22 April 2014

Pain and ultramarathon running – Exercise induced hypoalgesia and pain perception following acute or chronic running

The sun and warmth came with force to Uppsala this past Easter weekend and it has been temperatures in the mid 60s Fahrenheit (around 18 degrees Celsius) in the shadows. The snow has almost finally disappeared from the local ski piste Sunnerstabacken and I went for this year’s first real hill repeat training. Usually, I try to do these exercises with my trekking poles, as I will use the poles during mountain races where I think they are really beneficial I consider it appropriate to also train with them, but this time I for some reason left them at home. I do not know if it was due to this I experienced quite severe pain in my quadriceps already during the training or if it simply is my lack of serious hill repeat training during the winter. I am now experiencing a rather pleasant delayed onset muscle soreness (DOMS) as well.
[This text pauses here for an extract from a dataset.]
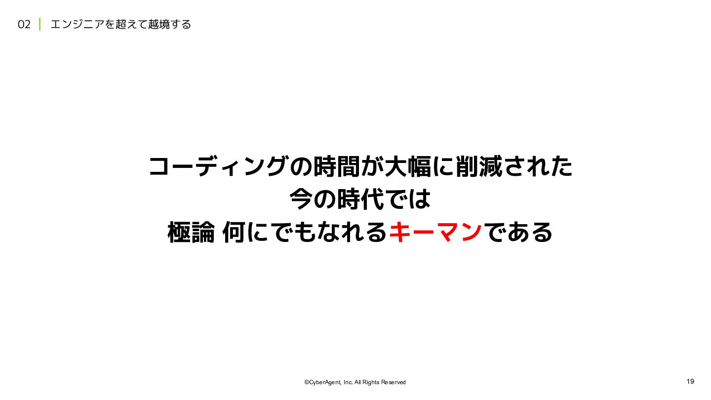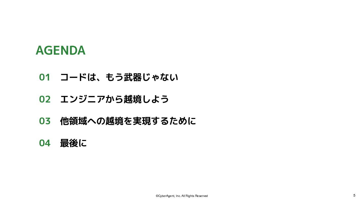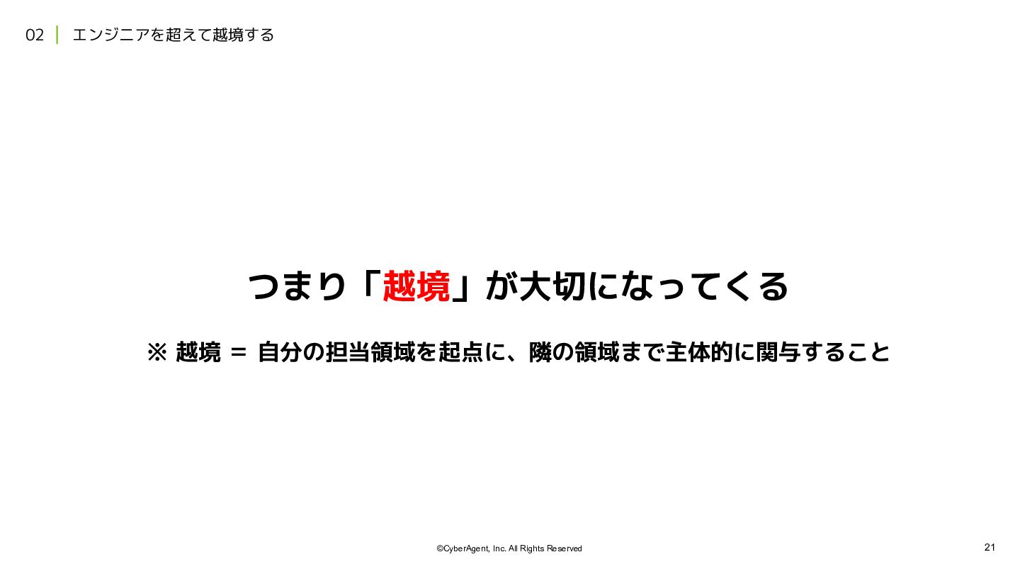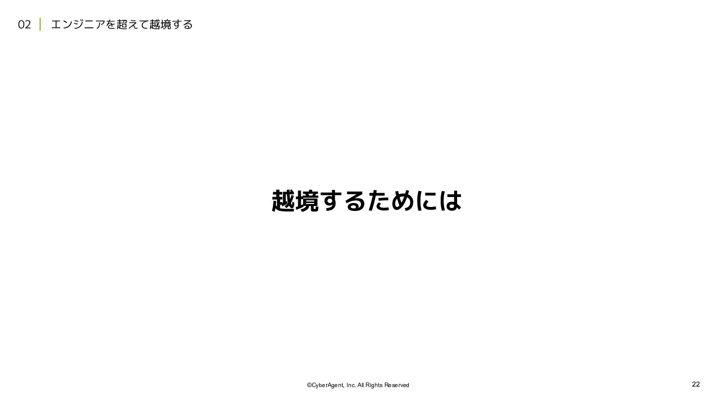 4. 21 ©CyberAgent, Inc. All Rights Reserved 02 エンジニアを超えて越境する ※ 越境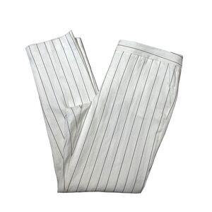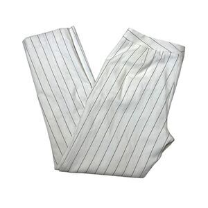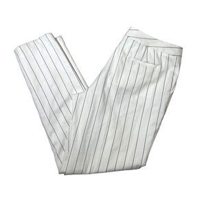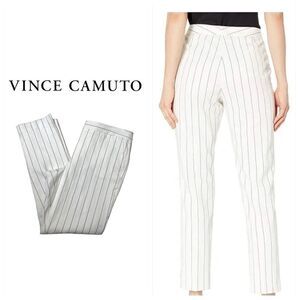 Vince Camuto Womens Pinstripe Front Zip Ankle Pants Features an ivory white with think black pinstripes. Straight leg. Slightly cropped ankle fit. Hook and zipper fly closure. Side pockets. Nylon, viscose, elastane, polyester blend. Lined on the upper portion. Measurements in pictures.

Some patches of snow still lingering

As it was the muscle pain rather than my lungs or heart that put the limit on my hill repeats I wondered about how ultramarathon runners perceive pain. Is the sensitivity to pain different among ultramarathon runners in general? What about pain sensitivity during and immediately following races and training? Looking into the literature for studies I found not so many on pain (also called nociception) and ultramarathon running, but more on endurance training and running in general. There is plenty of evidence that exercise not only in itself often is rather painful, but that it also induces a transient decreased sensitivity to pain, so called exercise-induced hypoalgesia (EIH), lasting about half an hour after most types of exercise (reviewed in for instance Dannecker & Koltyn “Pain during and within hours after exercise in healthy adults” Sports Med 2014; Epub ahead of print; Janal “Pain sensitivity, exercise and stoicism” J R Soc Med 1996; 89:376-381). There was recently a meta-analysis published on the subject by Naugle and colleagues (Naugle et al “A meta-analytic review of the hypoalgesic effects of exercise” J Pain 2012; 13: 1139–1150). In this meta-analysis, a total of 25 studies,  consisting of a total of 437 healthy volunteers,  using a repeated measures design to examine the effect of acute isometric, aerobic, or dynamic resistance exercise on pain threshold and pain intensity measures were included were included. The results suggest that all three types of exercise reduce perception of experimentally induced pain in healthy participants, with effects ranging from small to large depending on pain induction method and exercise protocol. The mean effect size for aerobic exercise was moderate, while the mean effect sizes for isometric exercise and dynamic resistance exercise were large.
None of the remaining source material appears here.